#### YOUR INSTRUCTIONS:
Repeat, exactly and in full, the lines of the listing below, but without any pictures.

#### RAW DATA:
•••••
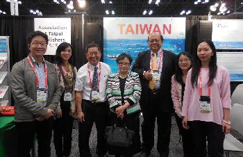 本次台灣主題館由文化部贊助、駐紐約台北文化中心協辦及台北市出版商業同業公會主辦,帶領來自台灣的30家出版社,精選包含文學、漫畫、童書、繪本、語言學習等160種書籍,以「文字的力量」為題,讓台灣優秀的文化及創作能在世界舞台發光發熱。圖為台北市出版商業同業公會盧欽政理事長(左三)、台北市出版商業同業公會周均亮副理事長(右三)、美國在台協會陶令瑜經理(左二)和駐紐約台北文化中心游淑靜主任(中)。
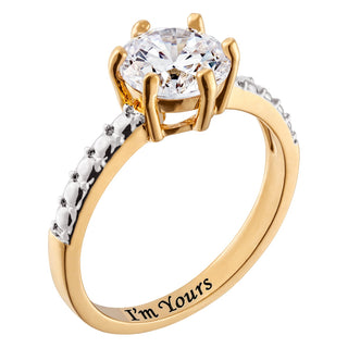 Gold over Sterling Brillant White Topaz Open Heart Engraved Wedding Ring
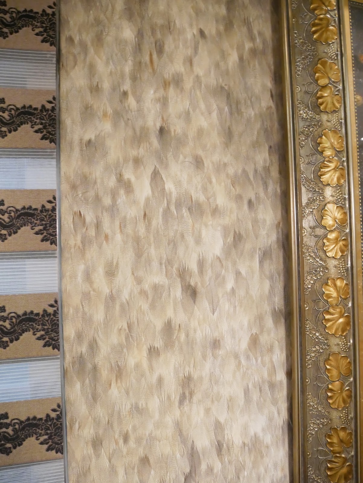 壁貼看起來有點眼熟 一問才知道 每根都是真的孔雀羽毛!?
•••••
#### RESPONSE BOX:
 本次台灣主題館由文化部贊助、駐紐約台北文化中心協辦及台北市出版商業同業公會主辦,帶領來自台灣的30家出版社,精選包含文學、漫畫、童書、繪本、語言學習等160種書籍,以「文字的力量」為題,讓台灣優秀的文化及創作能在世界舞台發光發熱。圖為台北市出版商業同業公會盧欽政理事長(左三)、台北市出版商業同業公會周均亮副理事長(右三)、美國在台協會陶令瑜經理(左二)和駐紐約台北文化中心游淑靜主任(中)。
 Gold over Sterling Brillant White Topaz Open Heart Engraved Wedding Ring
 壁貼看起來有點眼熟 一問才知道 每根都是真的孔雀羽毛!?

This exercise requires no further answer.